[Task instructions] Set down, exactly as written, the lines from the line holding "Beret havelampe i" to the end of the data, inclusive, skipping any pictures.

[Given data]
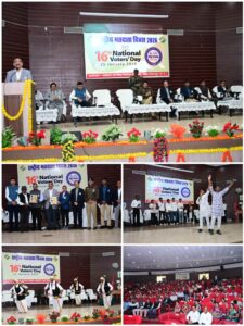 बिलासपुर :— 16 वें राष्ट्रीय मतदाता दिवस कार्यक्रम का आयोजन आज जिला प्रशासन द्वारा कोनी स्थित बैरिस्टर ठाकुर छेदीलाल कृषि महाविद्यालय के ऑडिटोरियम में किया गया। कार्यक्रम में मुख्य अतिथि के रूप में संभाग आयुक्त सुनील जैन और बिलासपुर पुलिस महानिरीक्षक राम गोपाल गर्ग मौजूद रहे। इस अवसर पर मतदाता जागरूकता की शपथ दिलाई गई और निर्वाचन कार्य ,स्वीप और एसआईआर में उत्कृष्ठ कार्य करने वाले अधिकारी कर्मचारियों को सम्मानित किया गया।
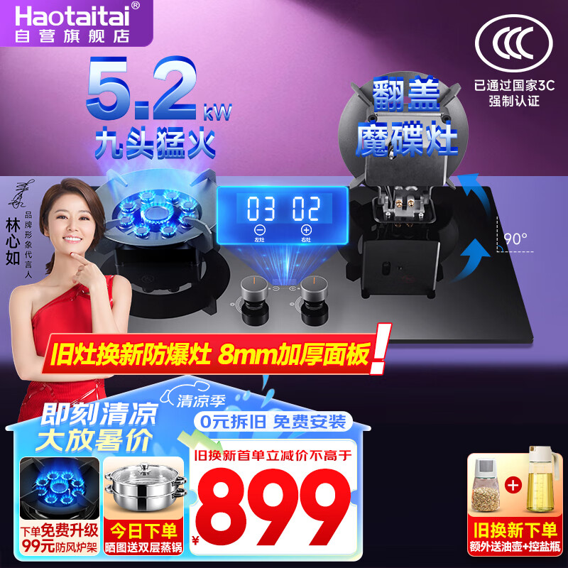 Haotaitai 家庭好用燃气灶具5.2KW智能定时魔碟双九腔猛火太太燃气灶台嵌入式可翻盖炉头燃气灶M2-S 天然气价格:1099.00元!
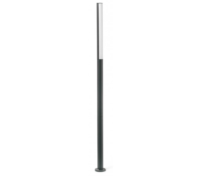 Beret havelampe i et moderne design, fremstillet i mørkegrå lakeret aluminium og skærm i hvid akryl. Lampen måler 180 cm i højden og anvender 1 x SMD LED lyskilde på 16W (Inkl.). Lampen bør monteres på fast undergrund eller betonstøbning/flise.
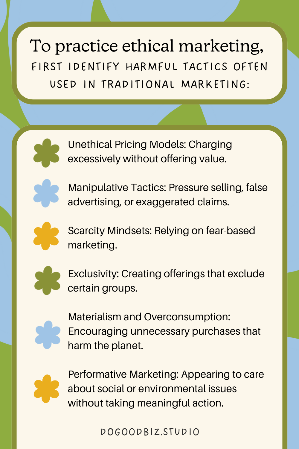 To practice ethical marketing, you must first identify harmful tactics often used in traditional marketing. Reflect on whether your current strategies unintentionally cause harm:

[Solved exercise]
 Beret havelampe i et moderne design, fremstillet i mørkegrå lakeret aluminium og skærm i hvid akryl. Lampen måler 180 cm i højden og anvender 1 x SMD LED lyskilde på 16W (Inkl.). Lampen bør monteres på fast undergrund eller betonstøbning/flise.
 To practice ethical marketing, you must first identify harmful tactics often used in traditional marketing. Reflect on whether your current strategies unintentionally cause harm:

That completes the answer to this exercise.